Назад: 6. Жизнь в Средние века[91]
Дальше: 8. Добропорядочные люди[116]

7. Судьба Томаса Пейна

Хотя Томас Пейн сыграл важную роль в двух революциях и едва не был повешен за попытку совершить третью, в наши дни он основательно подзабыт. Нашим прадедам он казался чем-то вроде земного воплощения сатаны, предателем-безбожником, восставшим против своего Бога и своего короля. К нему очень враждебно относились три человека, в остальном ничем друг с другом не связанные – Питт, Робеспьер и Вашингтон. Первые двое добивались его смерти, тогда как третий аккуратно воздерживался от мер по спасению его жизни. Питт и Вашингтон ненавидели его за то, что он был демократом, Робеспьер – за то, что он был против казни короля и господства террора.
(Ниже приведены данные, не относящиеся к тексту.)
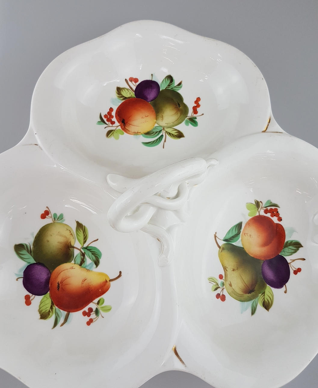 Kabarettschale - gemarkt Carl Tielsch, Kabarettschale mit drei geschwungenen Schalenteilen, polychrom mit Obstdekor bemalt, Reste der Goldstaffage, mit zentralem Ringgriff, D.ca.33cm.

Такова уж была судьба Пейна – его всегда почитала оппозиция и ненавидели правительства: когда Вашингтон еще боролся с англичанами, он отзывался о Пейне с величайшей похвалой; Франция осыпала его почестями, пока к власти не пришли якобинцы; даже в Англии самые выдающиеся виги дружили с ним и привлекали к составлению своих манифестов. Как и у других людей, у него были недостатки, но ненавидели и успешно чернили Пейна именно за его достоинства.

Важность Пейна для истории заключается в том, что он сделал проповедь демократии демократичной. В XVIII столетии существовали демократы среди английской и французской аристократии, среди философеев (philosophes) и священников-нонконформистов. Но все они излагали свои политические спекуляции в форме, предназначенной лишь для образованной публики. Пейн, в самой доктрине которого не было ничего нового, оказался новатором с точки зрения ее изложения: его сочинения были простыми, ясными, без излишней учености, такими, что их мог понять любой грамотный рабочий. Это делало его опасным; когда же к другим своим преступлениям он добавил религиозную ересь, защитники привилегий не упустили возможности предать его бесчестью.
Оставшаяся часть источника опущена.